To do> Please give the data again exactly, with no line dropped.

Data for review>

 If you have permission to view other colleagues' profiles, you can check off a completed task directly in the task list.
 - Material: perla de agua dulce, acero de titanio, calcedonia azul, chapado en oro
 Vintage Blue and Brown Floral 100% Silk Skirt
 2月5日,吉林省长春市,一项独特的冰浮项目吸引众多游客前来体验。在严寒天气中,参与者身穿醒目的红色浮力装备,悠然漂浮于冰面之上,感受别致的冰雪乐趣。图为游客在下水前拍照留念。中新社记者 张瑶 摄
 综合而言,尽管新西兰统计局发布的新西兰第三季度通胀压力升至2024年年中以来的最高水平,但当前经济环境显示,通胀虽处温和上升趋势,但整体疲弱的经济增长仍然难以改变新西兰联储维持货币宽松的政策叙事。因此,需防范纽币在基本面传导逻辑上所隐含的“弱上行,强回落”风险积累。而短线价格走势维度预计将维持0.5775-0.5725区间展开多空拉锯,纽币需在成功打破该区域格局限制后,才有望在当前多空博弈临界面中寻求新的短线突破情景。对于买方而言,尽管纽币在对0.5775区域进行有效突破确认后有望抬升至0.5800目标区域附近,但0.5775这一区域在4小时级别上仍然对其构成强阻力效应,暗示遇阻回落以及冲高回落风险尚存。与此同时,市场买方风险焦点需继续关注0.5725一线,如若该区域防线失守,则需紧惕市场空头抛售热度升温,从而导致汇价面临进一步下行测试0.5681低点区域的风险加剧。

Exercise solution>
 If you have permission to view other colleagues' profiles, you can check off a completed task directly in the task list.
 - Material: perla de agua dulce, acero de titanio, calcedonia azul, chapado en oro
 Vintage Blue and Brown Floral 100% Silk Skirt
 2月5日,吉林省长春市,一项独特的冰浮项目吸引众多游客前来体验。在严寒天气中,参与者身穿醒目的红色浮力装备,悠然漂浮于冰面之上,感受别致的冰雪乐趣。图为游客在下水前拍照留念。中新社记者 张瑶 摄
 综合而言,尽管新西兰统计局发布的新西兰第三季度通胀压力升至2024年年中以来的最高水平,但当前经济环境显示,通胀虽处温和上升趋势,但整体疲弱的经济增长仍然难以改变新西兰联储维持货币宽松的政策叙事。因此,需防范纽币在基本面传导逻辑上所隐含的“弱上行,强回落”风险积累。而短线价格走势维度预计将维持0.5775-0.5725区间展开多空拉锯,纽币需在成功打破该区域格局限制后,才有望在当前多空博弈临界面中寻求新的短线突破情景。对于买方而言,尽管纽币在对0.5775区域进行有效突破确认后有望抬升至0.5800目标区域附近,但0.5775这一区域在4小时级别上仍然对其构成强阻力效应,暗示遇阻回落以及冲高回落风险尚存。与此同时,市场买方风险焦点需继续关注0.5725一线,如若该区域防线失守,则需紧惕市场空头抛售热度升温,从而导致汇价面临进一步下行测试0.5681低点区域的风险加剧。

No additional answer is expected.